Study Warns of High Tsunami Risk for Morocco and Spain in Next 30 Years

– bySaid@Bladi · 2 min read
Study Warns of High Tsunami Risk for Morocco and Spain in Next 30 Years

Twenty years after the devastating tsunami in the Indian Ocean, which claimed the lives of nearly 228,000 people, the question of the risk of such an event is being raised with acuity, particularly for Morocco.

A 2021 study by the CSIC (Spanish National Research Council) states that Spain has almost a 100% chance of being hit by a tsunami in the next 30 years, and Morocco, located just across the Alboran Sea from Spain, is also under threat.

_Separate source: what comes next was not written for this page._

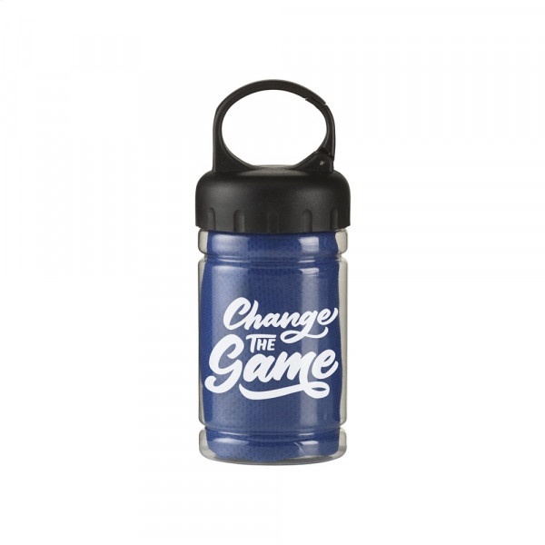 Spezielles Kühlhandtuch aus 100 % Polyester. Nach dem Eintauchen in kaltes Wasser kann dieses Handtuch bei sportlichen Aktivitäten oder Sonnenbrand kühlen. Maße 30 x 80 cm. Ideales Format, um es zur Kühlung im Nacken zu tragen. In transparentem Gehäuse mit ABS-Schraubverschluss mit Karabinerhaken.
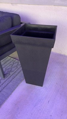 [This review was collected as part of a promotion.] This 28-inch tall black planter is a great addition to any indoor or outdoor space. The sleek, modern tapered design gives it a clean and elegant look that instantly upgrades patios, entryways, living rooms, or office corners. The matte black finish blends easily with any décor style and makes plants stand out beautifully. The planter is lightweight when empty, making it easy to move and position, yet it feels sturdy and durable once in place. The material appears weather-resistant, suitable for outdoor use in sun or rain without fading or cracking. Perfect for tall plants like snake plants, palms, ficus, or even seasonal flowers. It doesn’t come with drainage holes, so you may want to drill your own if using real plants. Because of its height, I recommend adding filler materials at the bottom to save soil and improve drainage. Overall, this planter looks high-end without the high price. It’s stylish, versatile, and a great way to add height and greenery to your space. Highly recommend!

Although Europe is less exposed to submarine earthquakes, the Intergovernmental Oceanographic Commission sounded the alarm in 2022: the probability of a tsunami of more than one meter in the Mediterranean in the next 30 years is close to 100%. These waves, classified at the highest level of severity, could cause a real disaster.

In Spain, the Averroes fault, located in the Alboran Sea, is the major source of concern. According to a CSIC study, this fault could generate a magnitude 7 tsunami, with six-meter waves reaching the Andalusian coast, Melilla and northern Morocco in just thirty minutes. Morocco would therefore be directly impacted, particularly the Rif region.

"These are episodes that are too rapid for the current early warning systems to work effectively. When an earthquake occurs in the Pacific or Atlantic, even with waves reaching twenty or thirty meters, there is an evacuation time between the moment the detection systems alert and the arrival of the tsunami on the coast. In the Alboran Sea, given that it is a small and narrow area, this time would not exist," explains Ferran Estrada, a researcher at the CSIC, to La Razón.

Spain has experienced tsunamis in the past. In 1755, an earthquake off the coast of Lisbon caused a tsunami with fifteen-meter waves, devastating Cadiz, Huelva and the Canary Islands. If such an event were to occur again today, Morocco could also be affected.